**PROBLEM TO WORK ON**
Leave out the pictures and retype, exactly, the lines below from the line with "Large Signature SES" up to and including the line with "Slovenska energetska družba", nothing more.

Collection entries
★ ★ ★ ★ ★ ★ ★

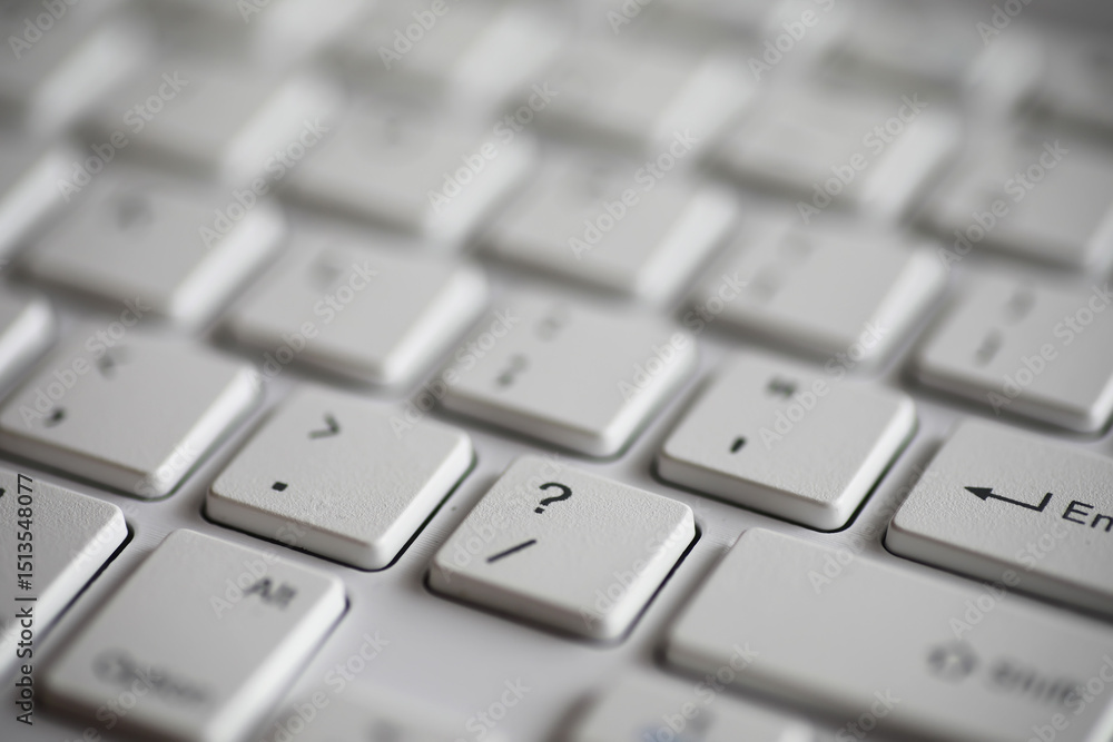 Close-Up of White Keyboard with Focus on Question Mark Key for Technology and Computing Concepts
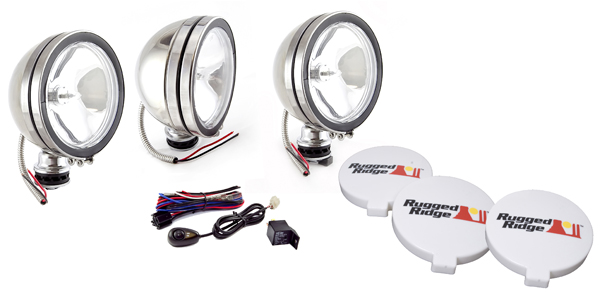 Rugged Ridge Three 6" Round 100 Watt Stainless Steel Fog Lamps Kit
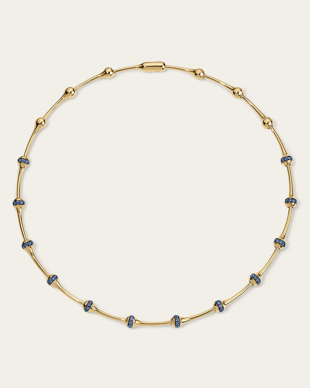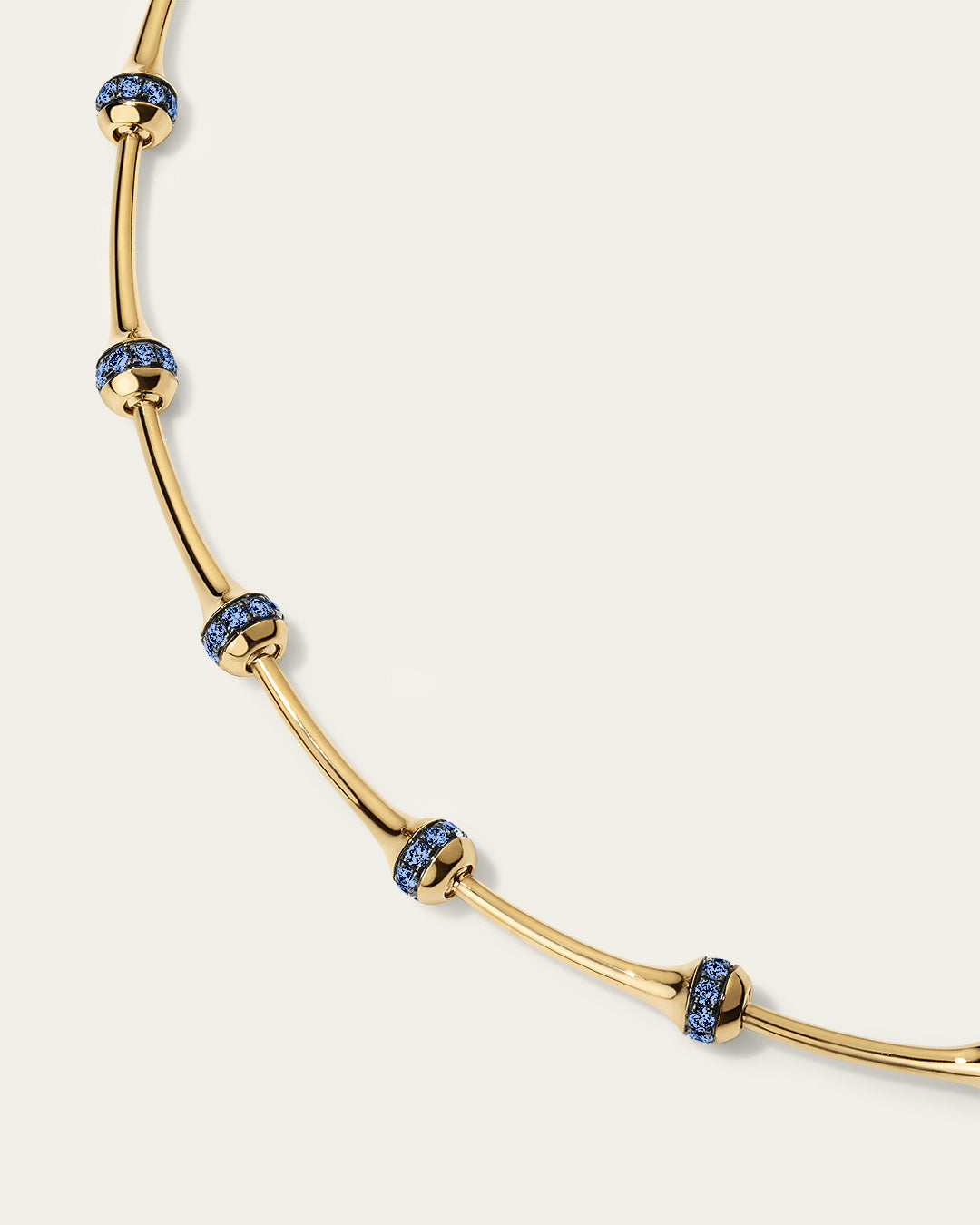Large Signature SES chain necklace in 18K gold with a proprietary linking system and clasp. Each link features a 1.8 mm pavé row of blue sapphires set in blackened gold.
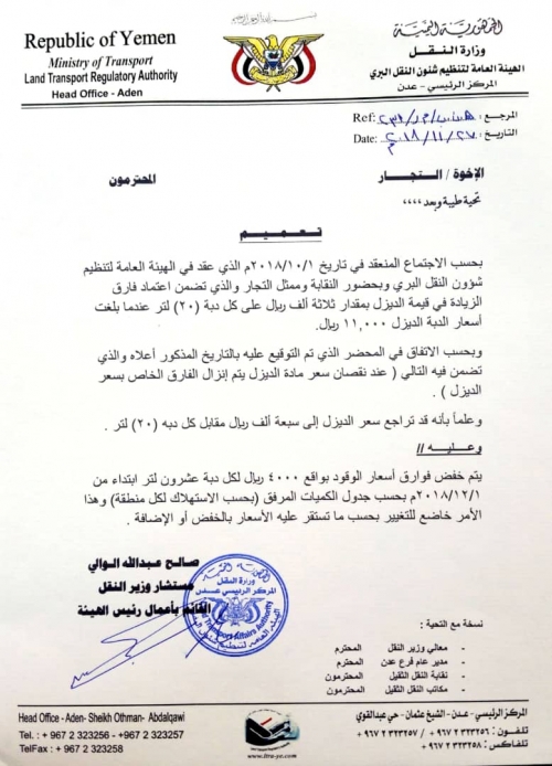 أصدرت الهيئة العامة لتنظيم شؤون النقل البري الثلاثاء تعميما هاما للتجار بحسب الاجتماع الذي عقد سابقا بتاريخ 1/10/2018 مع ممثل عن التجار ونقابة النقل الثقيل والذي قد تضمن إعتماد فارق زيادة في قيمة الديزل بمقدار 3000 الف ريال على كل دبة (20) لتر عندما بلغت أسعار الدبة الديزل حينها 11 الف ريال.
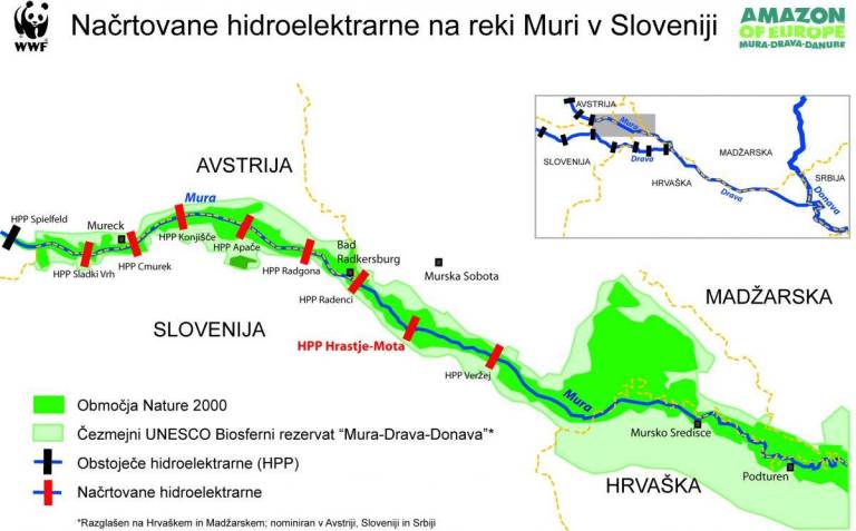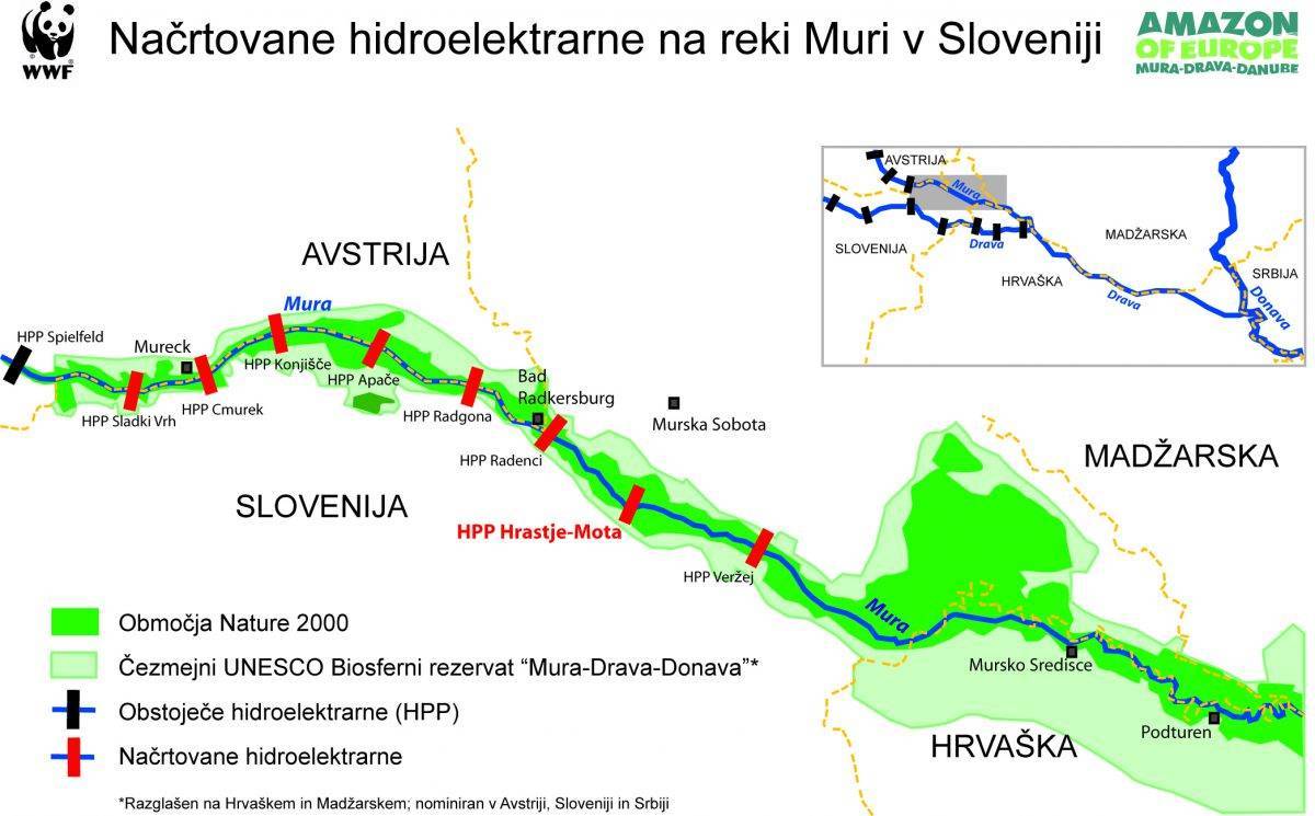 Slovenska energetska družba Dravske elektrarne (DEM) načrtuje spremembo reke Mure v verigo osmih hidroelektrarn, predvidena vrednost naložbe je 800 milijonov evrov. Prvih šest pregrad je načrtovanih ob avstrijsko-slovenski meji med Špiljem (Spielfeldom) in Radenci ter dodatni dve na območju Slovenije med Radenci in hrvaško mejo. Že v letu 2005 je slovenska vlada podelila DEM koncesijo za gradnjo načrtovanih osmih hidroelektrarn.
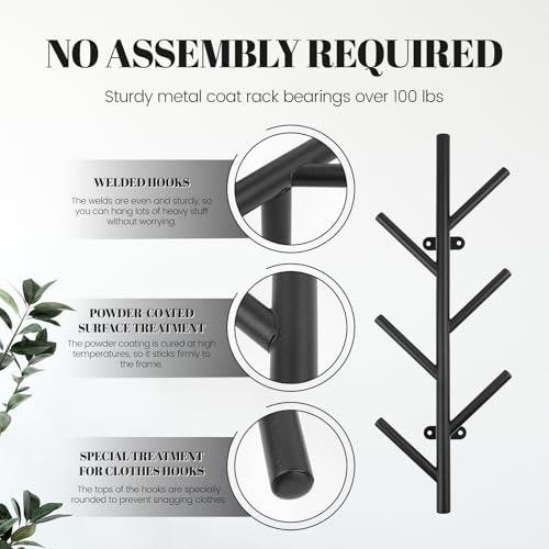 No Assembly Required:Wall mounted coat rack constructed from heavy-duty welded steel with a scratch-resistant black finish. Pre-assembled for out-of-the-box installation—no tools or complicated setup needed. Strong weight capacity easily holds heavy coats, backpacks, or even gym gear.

★ ★ ★ ★ ★ ★ ★

**SOLUTION**
Large Signature SES chain necklace in 18K gold with a proprietary linking system and clasp. Each link features a 1.8 mm pavé row of blue sapphires set in blackened gold.
 أصدرت الهيئة العامة لتنظيم شؤون النقل البري الثلاثاء تعميما هاما للتجار بحسب الاجتماع الذي عقد سابقا بتاريخ 1/10/2018 مع ممثل عن التجار ونقابة النقل الثقيل والذي قد تضمن إعتماد فارق زيادة في قيمة الديزل بمقدار 3000 الف ريال على كل دبة (20) لتر عندما بلغت أسعار الدبة الديزل حينها 11 الف ريال.
 Slovenska energetska družba Dravske elektrarne (DEM) načrtuje spremembo reke Mure v verigo osmih hidroelektrarn, predvidena vrednost naložbe je 800 milijonov evrov. Prvih šest pregrad je načrtovanih ob avstrijsko-slovenski meji med Špiljem (Spielfeldom) in Radenci ter dodatni dve na območju Slovenije med Radenci in hrvaško mejo. Že v letu 2005 je slovenska vlada podelila DEM koncesijo za gradnjo načrtovanih osmih hidroelektrarn.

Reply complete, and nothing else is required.